● Activity: Set down, word for word, each line from the top of the data through the line that has "в Альметьевске купить"; omit every picture.

● Exercise data:
= Beginning of Section =
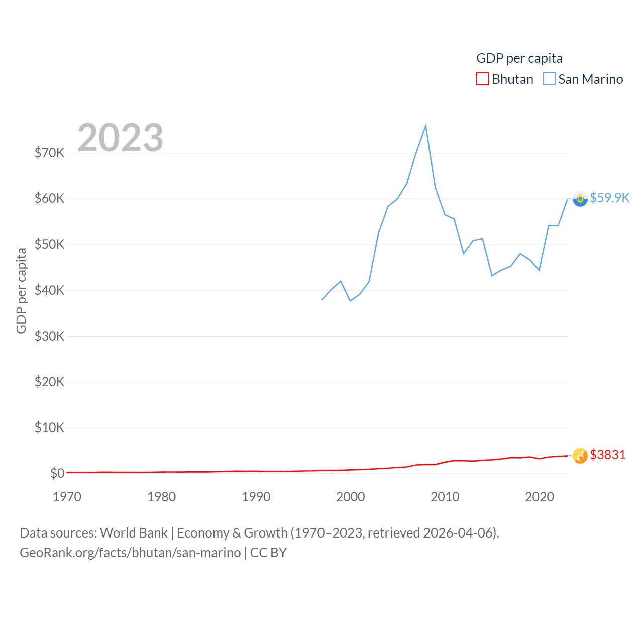 By GDP, Bhutan ranks 170/197 ($3.01B) and San Marino ranks 180/197 ($2.03B). By GDP per capita, Bhutan ranks 132/197 ($3,831), while San Marino ranks 15/197 ($59,880).
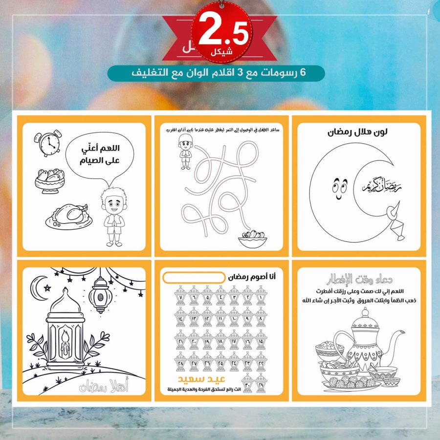 يحتوي على ورقة a4 فيها 6 رسومات مع 3 اقلام الوان مع التغليف
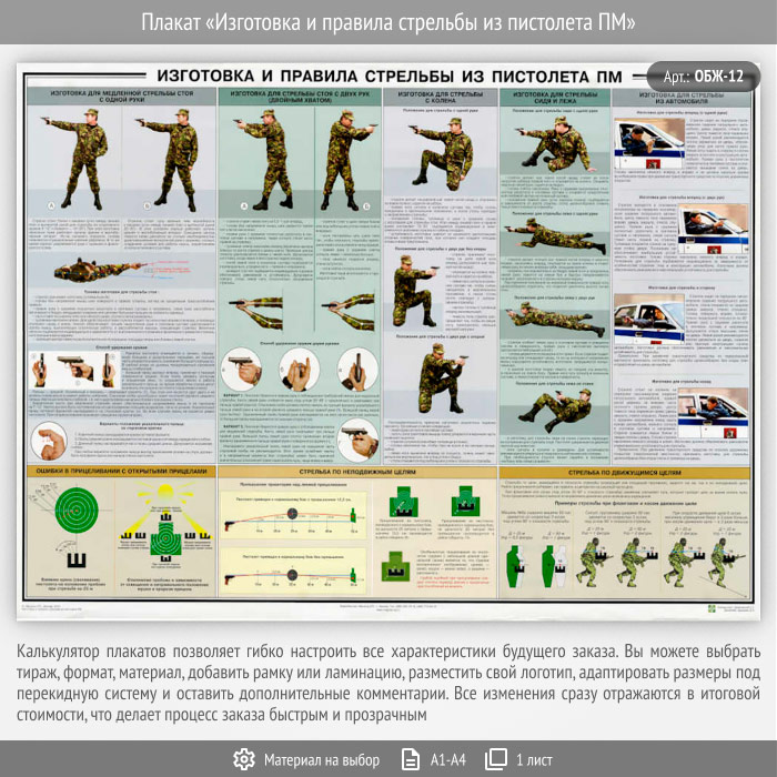 Плакат «Изготовка и правила стрельбы из пистолета ПМ» (ОБЖ-12, 1 лист) в Альметьевске купить
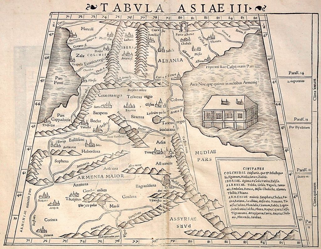 В частности, описание армянских границ принадлежит перу древнегреческого географа и математика Клавдия Птолемея (ок. 100 — 170 н.э.), который уточнял, что Армения граничит на севере с Колхидой, Иберией и Албанией (арм. Агванк) по линии, проходящей вдоль реки Кура, с запада — с Каппадокией вдоль Евфрата и по линии Каппадокийского Понта до Колхиды через Мосхийские горы, а с востока — с частью Каспийского моря от устья реки Кура.
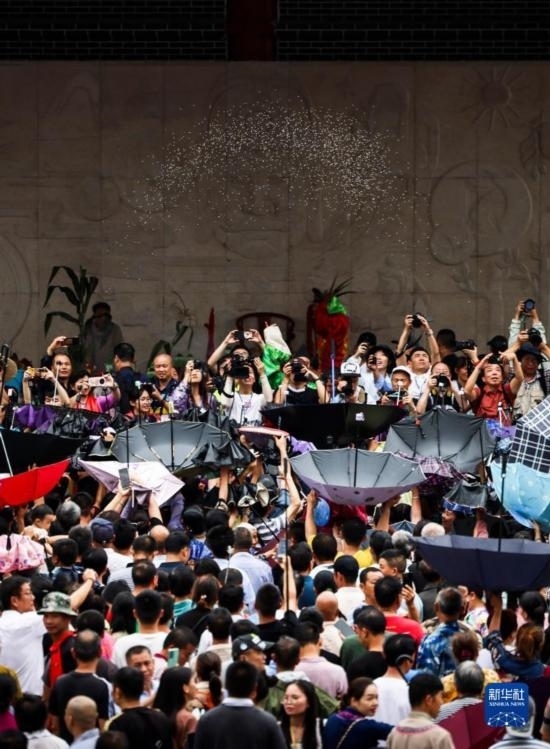 當(dāng)日,廣西環(huán)江毛南族自治縣下南鄉(xiāng)舉行2023毛南族分龍節(jié)民俗活動。分龍節(jié)是毛南族祈神保佑豐收的傳統(tǒng)節(jié)日,也是毛南族一年一度的重大活動。
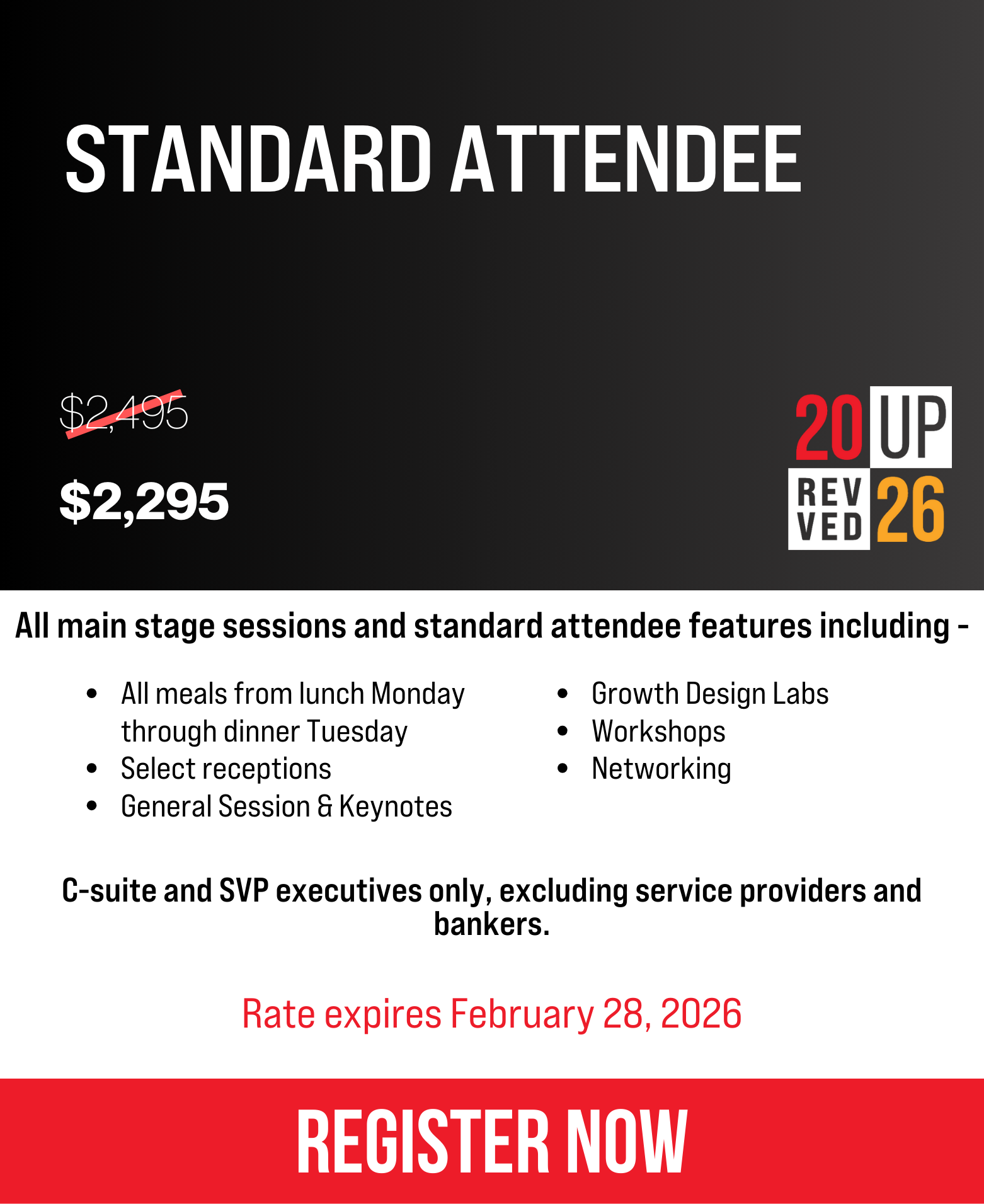 This event is curated exclusively for C-suite and SVP-level executives. All registrations are reviewed by our team, and we reserve the right to cancel and fully refund any registration that does not meet the qualification criteria. Member rates apply only to paid members of Revenue Roomβ’ CXO and the Outsell, Inc. CEO Network; pricing adjustments may be made if membership cannot be confirmed.
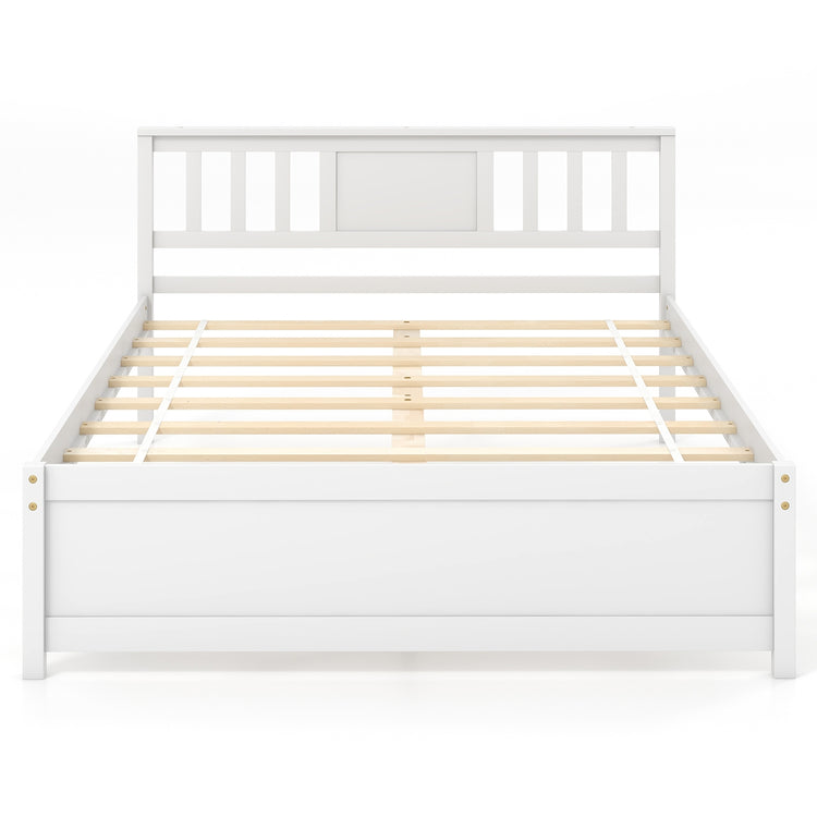 Wooden Platform Bed with Headboard and Wood Slat Support White-Full Size, White
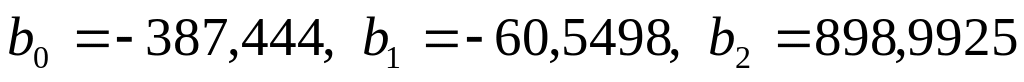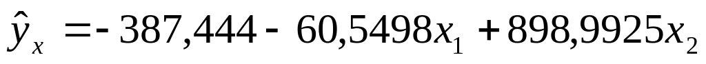 Задача. По данным табл. 2.30 вычислите прогностическое значение объема выпуска валовой продукции Y (тыс. ден. ед.) для производительности труда , равной 200 ден. ед./ч, и среднего процента выполнения нормы , равного 101 %.
= End of Section =
● Reply:
 By GDP, Bhutan ranks 170/197 ($3.01B) and San Marino ranks 180/197 ($2.03B). By GDP per capita, Bhutan ranks 132/197 ($3,831), while San Marino ranks 15/197 ($59,880).
 يحتوي على ورقة a4 فيها 6 رسومات مع 3 اقلام الوان مع التغليف
 Плакат «Изготовка и правила стрельбы из пистолета ПМ» (ОБЖ-12, 1 лист) в Альметьевске купить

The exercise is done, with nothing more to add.